Ce fut l’une des pires périodes de notre histoire mondiale. Mais pour les nationalistes écossais, la pandémie était la crise nécessaire pour faire monter en puissance la cause de l’indépendance. Dans le dernier sondage sur l’indépendance de l’Écosse, 53 % des personnes interrogées sont favorables à l’indépendance et 47 % y sont opposées. C’est le nombre le plus élevé jamais atteint de personnes favorables à vouloir du giron du Royaume-Uni. Maintenant, les Unionistes doivent se réveiller et faire le point sur la situation.
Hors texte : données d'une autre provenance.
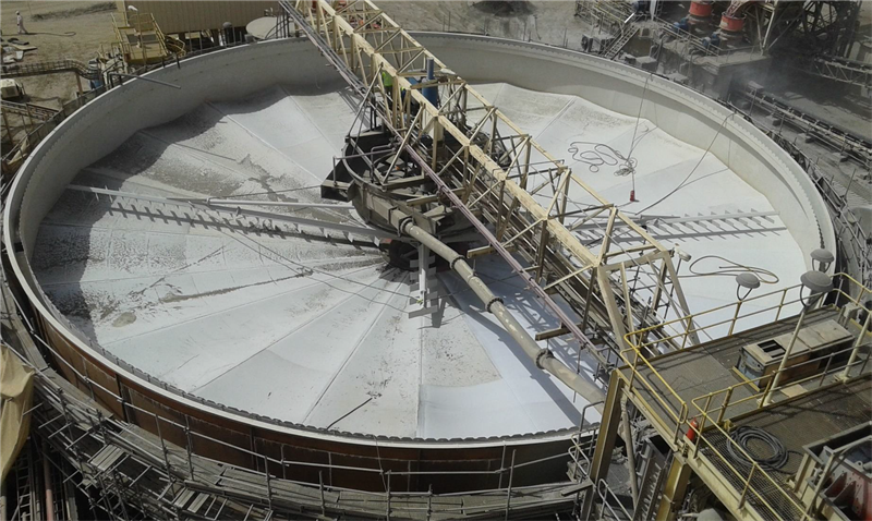 Problem: Both the wall and bottom areas of the thickener were suffering from general corrosion damage. Also, there was a significant presence of erosion on the bottom area up to the height of the rotary arm caused by the slurry.
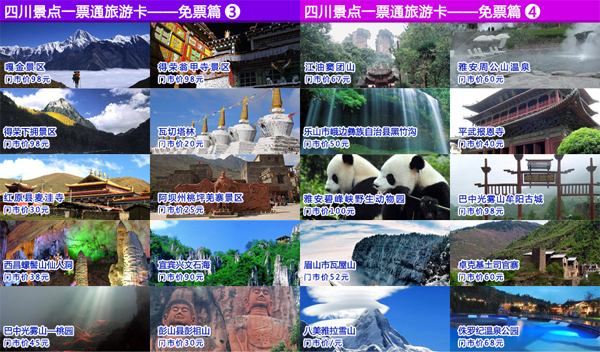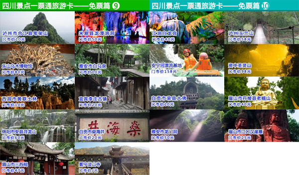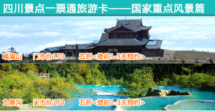 四川——地处中国大西南,肥沃的土地,丰富的自然资源,悠久的历史和绚烂多彩的少数民族文化,构成了多样性的自然和文化旅游资源。她拥有2处自然遗产,1处自然文化遗产,9处国家级风景区。被列为国家重点风景名胜区的有:峨眉山、青城山——都江堰、黄龙——九寨沟、缙云山、剑门蜀道、蜀南竹海、贡嘎山等处。而四川景点一票通旅游卡已占据2个国家重点风景区。

Bien sûr, ce chiffre de soutien à l’indépendance n’est pas impressionnant. Mais pour comprendre l’importance de cette étape dans le parcours de la cause pour l’indépendance, il est important de se rappeler comment nous en sommes arrivés là. Prenez par exemple le pourcentage de personnes en faveur de l’indépendance à l’approche du référendum de 2014. Les sondages montraient à l’époque qu’elles n’étaient que de 32 à 38 % en faveur du oui. Il faut ensuite penser à l’extraordinaire ascension du Parti national écossais [SNP] au cours des deux dernières décennies. Au début du XXe siècle, le SNP était un parti marginal radical, personne ne pensait qu’il pourrait être élu au gouvernement. En 2007, il a pris le pouvoir au Parlement écossais, formant un gouvernement minoritaire. Depuis lors, il n’a fait que se renforcer ces derniers années, dominant la scène politique écossaise.

Les étrangers me demandent souvent : pourquoi y a-t-il plus d’Écossais qui ne sont pas en faveur de l’indépendance, chaque peuple a sûrement le désir d’autodétermination ? Ma réponse : bien sûr que ce désir existe. Mais pendant des siècles, la notion de l’identité écossaise a été littéralement rejetée par les Écossais. On leur a interdit de porter le kilt – le vêtement traditionnel des hommes – et on les a obligés à parler anglais au lieu du gaélique ou de l’écossais. Lorsque ma grand-mère est allée à l’école dans les années 1920, les enfants étaient battus pour avoir parlé dans leur langue maternelle. Et il y a aussi le pouvoir d’influence des médias. Durant des décennies, le service de radiodiffusion basé à Londres – la BBC – a eu une énorme influence sur la façon dont les Écossais se perçoivent. La propagande médiatique a été très efficace en persuadant de nombreuses personnes que l’Écosse était incapable de se gouverner elle-même, qu’elle ne peut pas se débrouiller sans l’Angleterre, que sa langue et sa culture sont en quelque sorte inférieures à celles des Anglais.

Et pourtant, il y a toujours eu un soutien populaire à l’indépendance, les descendants de ceux qui ont combattu les guerres d’indépendance des 13e et 14e siècles et les rébellions jacobites ultérieures ; ceux qui n’ont jamais oublié comment la souveraineté écossaise a été volée. Ou « vendus », comme certains le diraient. En effet, bien qu’il y ait eu une opposition à l’Acte d’Union de 1707 jusqu’à sa signature, ceux qui ont voté pour la fin du pays en ont obtenu des avantages financiers, en recevant des titres fonciers et des terres. Comme l’a dit Sir Walter Scott, les hommes qui ont vendu l’Écosse aux Anglais ont été « achetés et vendus ». Il les a décrits comme « des gens mensongers et corrompus », écrivant que « les intérêts de l’Écosse ont été considérablement négligés dans le traité d’Union ; et en conséquence, au lieu de reconnaître la nation écossaise comme faisant partie des intérêts des deux royaumes, ils ont abandonné la nation et sa souveraineté ».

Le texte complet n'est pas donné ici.